Any picture in the entries is to be skipped, while everything else is transcribed word for word.
*** Extracted material
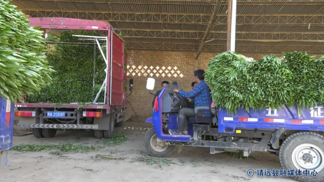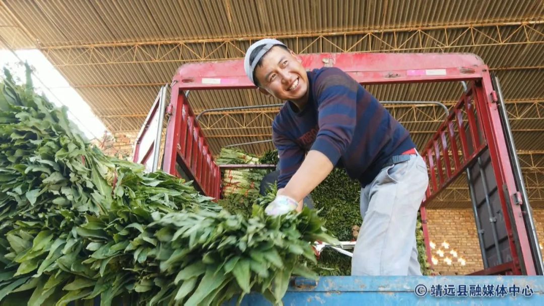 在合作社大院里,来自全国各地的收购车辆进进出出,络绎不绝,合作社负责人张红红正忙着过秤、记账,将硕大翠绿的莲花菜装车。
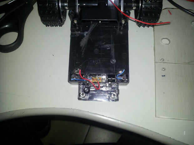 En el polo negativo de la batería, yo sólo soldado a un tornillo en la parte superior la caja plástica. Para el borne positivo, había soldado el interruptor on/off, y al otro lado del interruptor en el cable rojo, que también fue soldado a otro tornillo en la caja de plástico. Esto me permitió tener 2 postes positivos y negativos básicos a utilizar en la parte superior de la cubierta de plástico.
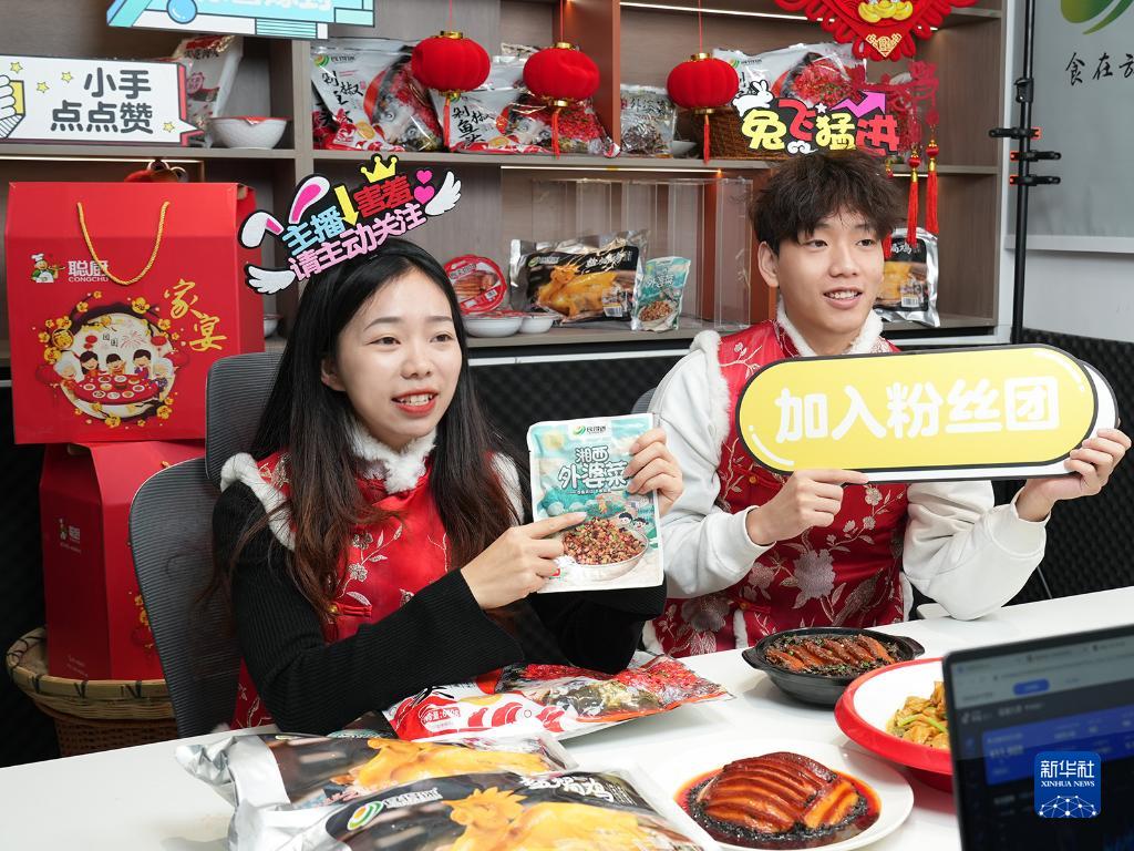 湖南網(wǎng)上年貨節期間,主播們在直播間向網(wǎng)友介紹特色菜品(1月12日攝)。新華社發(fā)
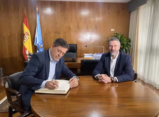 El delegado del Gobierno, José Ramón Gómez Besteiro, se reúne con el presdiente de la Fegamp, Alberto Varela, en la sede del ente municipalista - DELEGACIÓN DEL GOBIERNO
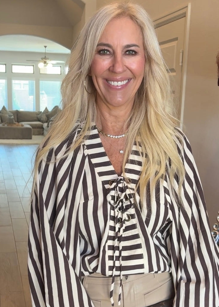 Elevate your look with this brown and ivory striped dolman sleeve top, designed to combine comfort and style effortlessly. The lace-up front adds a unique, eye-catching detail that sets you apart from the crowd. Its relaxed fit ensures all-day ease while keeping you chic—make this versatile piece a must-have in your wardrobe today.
******
*Output of the exercise*
 在合作社大院里,来自全国各地的收购车辆进进出出,络绎不绝,合作社负责人张红红正忙着过秤、记账,将硕大翠绿的莲花菜装车。
 En el polo negativo de la batería, yo sólo soldado a un tornillo en la parte superior la caja plástica. Para el borne positivo, había soldado el interruptor on/off, y al otro lado del interruptor en el cable rojo, que también fue soldado a otro tornillo en la caja de plástico. Esto me permitió tener 2 postes positivos y negativos básicos a utilizar en la parte superior de la cubierta de plástico.
 湖南網(wǎng)上年貨節期間,主播們在直播間向網(wǎng)友介紹特色菜品(1月12日攝)。新華社發(fā)
 El delegado del Gobierno, José Ramón Gómez Besteiro, se reúne con el presdiente de la Fegamp, Alberto Varela, en la sede del ente municipalista - DELEGACIÓN DEL GOBIERNO
 Elevate your look with this brown and ivory striped dolman sleeve top, designed to combine comfort and style effortlessly. The lace-up front adds a unique, eye-catching detail that sets you apart from the crowd. Its relaxed fit ensures all-day ease while keeping you chic—make this versatile piece a must-have in your wardrobe today.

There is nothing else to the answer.